I'd rather be inconvenienced by a few erroneous predictions than have no predictions at all and no effort made by governments to keep people safe from those disasters because some people might get annoyed if they're wrong.
hawkeye10
 
  1  
Reply Sun 28 Feb, 2010 05:02 pm
@Butrflynet,
Quote:
I'd rather be inconvenienced by a few erroneous predictions than have no predictions at all and no effort made by governments to keep people safe from those disasters because some people might get annoyed if they're wrong.


there are other options than those two, and you blithely ignore the cost of this Tsunami warning. In Japan alone it shut down a huge chunk of the national economy for two days....plus the cost of evacuation of nearly 600,000 households. We are talking of costs that run into the billions I'll bet, and while the cost of the tsunami damage was minimal to non-existant.

this happened in America with hurricane Rita (after katrina) as well, the authorities went ape **** over a little storm, and so the cost of the warning execution far outpaced storm damage

there are many costs to exaggerated warnings, some in lives in future events, some in dollars upfront.

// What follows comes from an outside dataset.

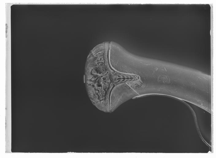 | Keywords: Flintlåspistol, möjligen fransk ca 1650, pipan stämplad: COLAS (?, Ezechias Colas, Sedan?) - Livrustkammaren - 9038-negative.tif Rund slätborrad pipa av stål rektangulärt svagt böjt svansskruvblad På svansskruvblad och pipbas påslagen silverdekor i form av korsskrafferade kulor samt pärlstavs- och bladbårder På kammarens ovansida därframför fält med stålsnittsdekor l 55 mm man i allongeperuk krönt med kurfurstekrona barfota med fotsid dräkt stående framför stadsbild vänster arm pekar mot staden höger mot en piedestal med festonger och därpå liggande krona och spira Därframför fält med påslagna blomrankor av silver l 50 mm Resten av pipan slät graverat ägarnamn Carl Gustaf Tessin På kammarens undersida en otydlig stämpel med bokstäver sista bokstäverna AS möjligen COLAS jfr nr 11670 <br/>Fästning Två häften Pipan fäst med bakre låsskruven genom svansskruvplattan samt två pipstift av stål <br/><br/>Flintlås med plant låsbleck svagt fasade kanter Dekor i stålsnitt på bakspetsen hundhuvud övergående i bladfestonger framför hanen ryttare i halvrustning marskalksstav i ena handen därframför tre pikenerare stående i sänka benen syns ej S-formig platt hane hanskruvens huvud täckt av porträttbyst i relief av man fas höger allongeperuk nedre delen bortbruten Triangulära käkar överkäken lös kantig hangren omvänt koniskt käkskruvhuvud Rundad fängpanna batteri med välvt fängpannelock plan ovansida rektangulärt eldstål med rundad överkant filad dekor nertill på ryggen liten kommaformig häl Batterifjäder med litet flikigt löv Nöt utan studel <br/>Fästning Två låsskruvar <br/>S-formig avtryckare med upprullad ände Slätt avtryckarbleck <br/><br/>Helstock av buxbom kolv med tillplattat ovalt tvärsnitt Enkel snidad bladdekor bakom svansskruvbladet däromkring samt runt svansskruvbladet inslaget bård av cirklar på kolvens högra sida inslaget hertig Karl XIII rustkammarmärke Beslag av stål kolvkappa med korta flikar på kolvsidorna dekor i stålsnitt fältläger med tält och på ena sidan två ryttare i förgrunden I bakgrunden till höger två pikenerare till vänster en trumslagare På andra sidan i förgrunden en ryttare till vänster sittande kvinna till höger fotsoldater på flikarna bladrankor samt blommor Sidblecket saknas Två svagt profilerade rörkor slätt näsband Varbygel med kluven framstolpe och kort främre arm lång slät bakre arm <br/><br/>Tillbehör <br/>Laddstock av stockens trä l 279 mm original caption ca 1650 steel e127 - eldvapen - pipa lås och stockbeslag material stål - silver e8 - eldvapen - stockdekor material silver size mm 467 size mm 287 pipa size mm 125 g 840 LRK Carl Gustaf Tessin Envoyé informator 1695-1770 Sverige Karl XIII av Sverige -Norge Gallica 1945 Livrustkammarens basutställning 1978 Från Topp till tå Nationalmuseum Läckö 2004 1700-tal CG Tessin på Läckö 2005 Basutställning COLAS jfr CMIL anv e1 - eldvapen - pipa; Ezechias Colas Carl Gustaf Tessin place of origin Sedan original filename LN_B01911_004791 47685 inventory number LRK 11669 9038 CC0 Flintlåspistol möjligen fransk ca 1650 pipan stämplad COLAS Ezechias Colas Sedan - Livrustkammaren - 9038 tif <gallery caption Different images of same object > File Flintlåspistol möjligen fransk ca 1650 pipan stämplad COLAS Ezechias Colas Sedan - Livrustkammaren - 26161 tif File Flintlåspistol möjligen fransk ca 1650 pipan stämplad COLAS Ezechias Colas Sedan - Livrustkammaren - 1101 tif File Flintlåspistol möjligen fransk ca 1650 pipan stämplad COLAS Ezechias Colas Sedan - Livrustkammaren - 51930 tif </gallery> |

I think that citizens have the right to know the truth about the expertise of those sounding the alarm, so as to be able to make sound personal decisions. Furthermore, governments are obligated to be honest.
0 Replies
 
Region Philbis
 
  1  
Reply Sun 2 Jan, 2011 08:54 pm
Quote:
Strong earthquake strikes central Chile
A 7.1-magnitude earthquake struck the central coastal area of Chile on Sunday, some 70 kilometers (45 miles) northwest of Temuco, the U.S. Geological Survey said. There were no immediate reports of major damage or injury.

The quake, which stuck around 5:20 p.m. (3:20 p.m. ET), was felt as far away as Santiago, roughly 595 km (370 miles) north of where the USGS said the quake occurred. The epicenter was more than 10 miles underground, the USGS said.
(cnn)
Butrflynet
 
  1  
Reply Sun 2 Jan, 2011 08:58 pm
@Region Philbis,
There was also a 7.0 quake in Argentina today.